Though just a six-hour flight from Moscow, it feels like the region is worlds away, with its light, open spaces and a rich tapestry of diversity that includes indigenous people and those who came from the former Soviet states.

Many came to this area with romantic notions of finding a new life and working to build a nation’s infrastructure via the Baikal-Amur Mainline railway. The BAM project was meant to connect Eastern Siberia with the Far East, but it also managed to unite people and to create a culture unique to this region.

Young people came from different Soviet republics, but were united in the belief that if they built the Baikal-Amur Mainline, regional prosperity would come.

Known as the BAM for short, it was meant to protect the country’s border with China, to support the Trans-Siberian railway and to transport the area’s natural resources. Patriotic romanticism fueled the project, but it also diversified the region by bringing indigenous people together with newcomers, like BAM crew members Vladimir and Lydia Shander.

“We don’t regret coming here. We like the beauty of the north. In 1992, during the collapse of the USSR we moved back to Kazakhstan for a while, but then returned. In July, we will mark our 31st anniversary living here”, said Lydia.

In 1928, prison labor laid the first tracks, but World War II brought construction to an end.

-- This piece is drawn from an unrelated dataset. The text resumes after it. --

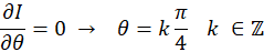 Both configurations show a variation of the intensity with the quadruple of the angle θ, something that we already saw in our [»] birefringence experiment. Mathematically, we can locate extremas by looking at the first and second derivatives of the intensity in regards to the angle θ

Building revved up again only in 1974, with a Soviet secretary general famously declaring that only clean hands would build the BAM. Thus members of the communist union of youth were recruited to do the job. But politics took plans off course.

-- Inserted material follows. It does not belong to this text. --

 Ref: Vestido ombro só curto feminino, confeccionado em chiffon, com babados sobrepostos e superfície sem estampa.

The Soviet Union touted the BAM as the “construction project of the century”. But some who were wooed by the project’s romanticism feel that many dreams failed to come to fruition.

With the fall of the USSR came the stall of mining projects. Companies simply stopped investing in the exploration of natural resources. So, with little or no products to transport and a peaceful relationship with China, critics challenged the BAM’s worthiness of its rumored multi-billion dollar price tag.

Retired geologist Aleksandr Savchenko has mixed feelings. He is proud of what he and his colleagues accomplished. However, he is also disillusioned by time – angry that benefits dried up when the nation transitioned to democracy.

“People with romantic notions didn’t search for any personal benefits or profits in that period of time when we were young and healthy. Now we’re older and not as healthy,” said Aleksandr.

Decaying temporary homes darting the picturesque landscape visually reminds locals that economic prosperity has not yet come. But a new anticipation has, as the railroad that was rarely traveled has increased in passengers and cargo commutes.

Companies are again investing in mining exploration, reviving hope that the railway will be key in transporting natural resources and bringing a lift to the local economy – and to those who worked the line will finally reap the benefits of their sacrifices.